Segment Start: Extracted records

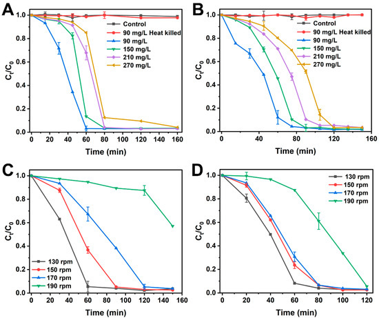 Previous studies have shown that most biodegradation of dyes occurs under anaerobic conditions, illustrating that O2 is a key factor affecting dye decolorization [9,10]. It is evident that the presence of O2 leverages the electrons released by S. oneidensis MR-1, thereby inhibiting dye degradation. However, in this study, the effect of oxygen was eliminated using a specially prepared medium, and the effect of different oxygen concentrations on dye degradation was tested. As depicted in Figure 2C,D, S. oneidensis MR-1 exhibited decolorization capabilities at different shaker speeds. Notably, for both MO and Am, the maximum decolorization efficiency was attained at 130 rpm. For MO degradation, the decolorization efficiency gradually decreased with an increase in O2 concentration. S. oneidensis MR-1 was still able to decolorize MO at 190 rpm, but a longer adaptation period of 120 min was required. This might be attributed to the preference of bacteria for growth at higher shaking speeds [30]. Similarly, the degradation of Am as a function of O2 concentration had a similar effect to that of MO, but the range of decolorization efficiency of Am at 130–170 rpm was smaller than that of MO. Furthermore, at 190 rpm, S. oneidensis MR-1 exhibited a shorter adaptation period of 40 min for Am degradation, possibly indicating that Am possesses a stronger electron-accepting capability than MO. These results underscore the robust decolorization capability of S. oneidensis MR-1 even under high O2 concentrations.
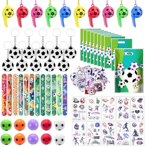 HOVIBU 112 st födelsedagsfest tillbehör, barngåvor, födelsedag pinata fylld med fotboll nyckelring, visselpipa, presentpåse, fotboll gyro
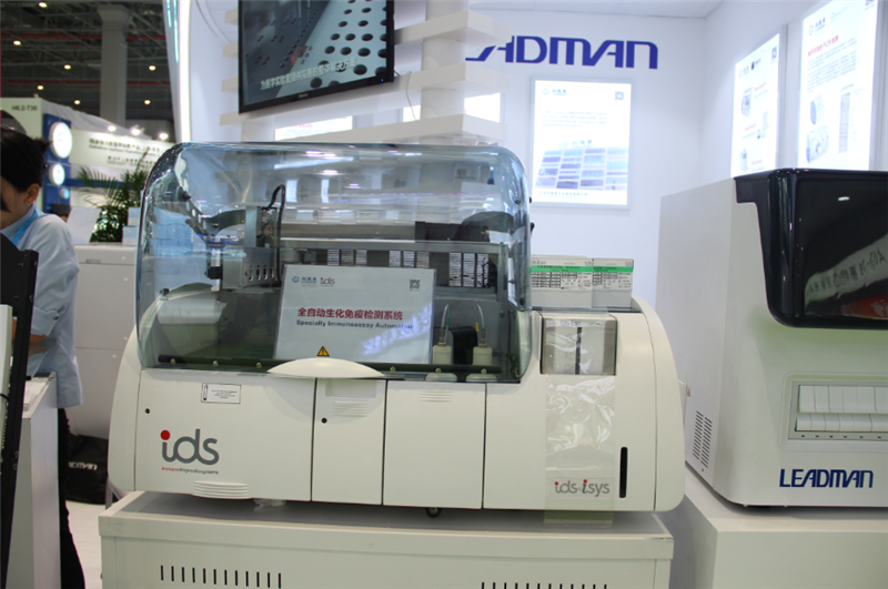 展会上,IDS-iSYS全自动生化免疫分析仪成为众多观众关注的焦点。IDS-iSYS引领全球的骨代谢、钙代谢、高血压、生长因子、自身免疫等特色菜单,具有最广泛的拓展领域:血管钙化、自身免疫、传染病、特种蛋白等。其创新设计也是吸引众多观众的原因之一:IDS-iSYS的智能凝块检测功能iCM,可防止检测中止,最大化节省时间、提高工作效率;仪器中独特的高压清洗站和专用清洗液,能有效的防止交叉污染而无需额外维护;Walk-away系统和连续加载功能真正实现简易操作。人性化的贴心设计为IDS-iSYS增加了更多人气。
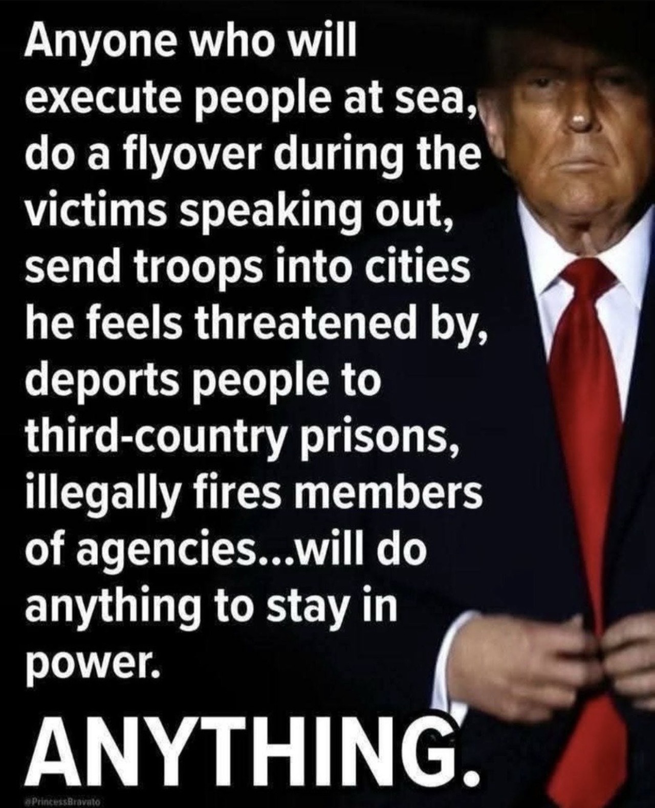 (21,145 posts)On January 20, 2029 (at the latest) a new president and VP, neither of whom will be named Trump, will be sworn in, and they will immediately become commander in chief of the military, and Donald Trumps reign of error and terror will come to an end.
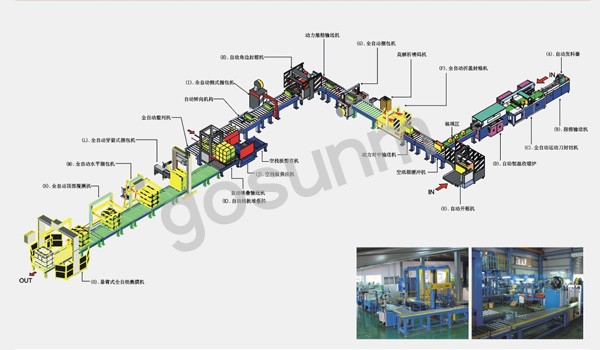 自動(dòng)開箱→自動(dòng)裝箱一層→自動(dòng)放隔板→自動(dòng)裝箱第二層→自動(dòng)折蓋封箱→自動(dòng)打帶→自動(dòng)十字90度轉(zhuǎn)向→自動(dòng)打帶→完成。
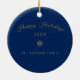 Celebrate the holiday season with this elegant navy blue Christmas ornament featuring “Happy Holidays” in a beautiful gold script, a customisable year, and your family name in elegant gold serif. A delicate gold snowflake accent adds a luxurious touch. Perfect as a keepsake for your own tree or as a thoughtful personalised gift for family, friends, or neighbours to treasure year after year.

Segment End: Extracted records

## The problem
Could you write out every line above exactly as it stands, with no images?

## Answer space
 Previous studies have shown that most biodegradation of dyes occurs under anaerobic conditions, illustrating that O2 is a key factor affecting dye decolorization [9,10]. It is evident that the presence of O2 leverages the electrons released by S. oneidensis MR-1, thereby inhibiting dye degradation. However, in this study, the effect of oxygen was eliminated using a specially prepared medium, and the effect of different oxygen concentrations on dye degradation was tested. As depicted in Figure 2C,D, S. oneidensis MR-1 exhibited decolorization capabilities at different shaker speeds. Notably, for both MO and Am, the maximum decolorization efficiency was attained at 130 rpm. For MO degradation, the decolorization efficiency gradually decreased with an increase in O2 concentration. S. oneidensis MR-1 was still able to decolorize MO at 190 rpm, but a longer adaptation period of 120 min was required. This might be attributed to the preference of bacteria for growth at higher shaking speeds [30]. Similarly, the degradation of Am as a function of O2 concentration had a similar effect to that of MO, but the range of decolorization efficiency of Am at 130–170 rpm was smaller than that of MO. Furthermore, at 190 rpm, S. oneidensis MR-1 exhibited a shorter adaptation period of 40 min for Am degradation, possibly indicating that Am possesses a stronger electron-accepting capability than MO. These results underscore the robust decolorization capability of S. oneidensis MR-1 even under high O2 concentrations.
 HOVIBU 112 st födelsedagsfest tillbehör, barngåvor, födelsedag pinata fylld med fotboll nyckelring, visselpipa, presentpåse, fotboll gyro
 展会上,IDS-iSYS全自动生化免疫分析仪成为众多观众关注的焦点。IDS-iSYS引领全球的骨代谢、钙代谢、高血压、生长因子、自身免疫等特色菜单,具有最广泛的拓展领域:血管钙化、自身免疫、传染病、特种蛋白等。其创新设计也是吸引众多观众的原因之一:IDS-iSYS的智能凝块检测功能iCM,可防止检测中止,最大化节省时间、提高工作效率;仪器中独特的高压清洗站和专用清洗液,能有效的防止交叉污染而无需额外维护;Walk-away系统和连续加载功能真正实现简易操作。人性化的贴心设计为IDS-iSYS增加了更多人气。
 (21,145 posts)On January 20, 2029 (at the latest) a new president and VP, neither of whom will be named Trump, will be sworn in, and they will immediately become commander in chief of the military, and Donald Trumps reign of error and terror will come to an end.
 自動(dòng)開箱→自動(dòng)裝箱一層→自動(dòng)放隔板→自動(dòng)裝箱第二層→自動(dòng)折蓋封箱→自動(dòng)打帶→自動(dòng)十字90度轉(zhuǎn)向→自動(dòng)打帶→完成。
 Celebrate the holiday season with this elegant navy blue Christmas ornament featuring “Happy Holidays” in a beautiful gold script, a customisable year, and your family name in elegant gold serif. A delicate gold snowflake accent adds a luxurious touch. Perfect as a keepsake for your own tree or as a thoughtful personalised gift for family, friends, or neighbours to treasure year after year.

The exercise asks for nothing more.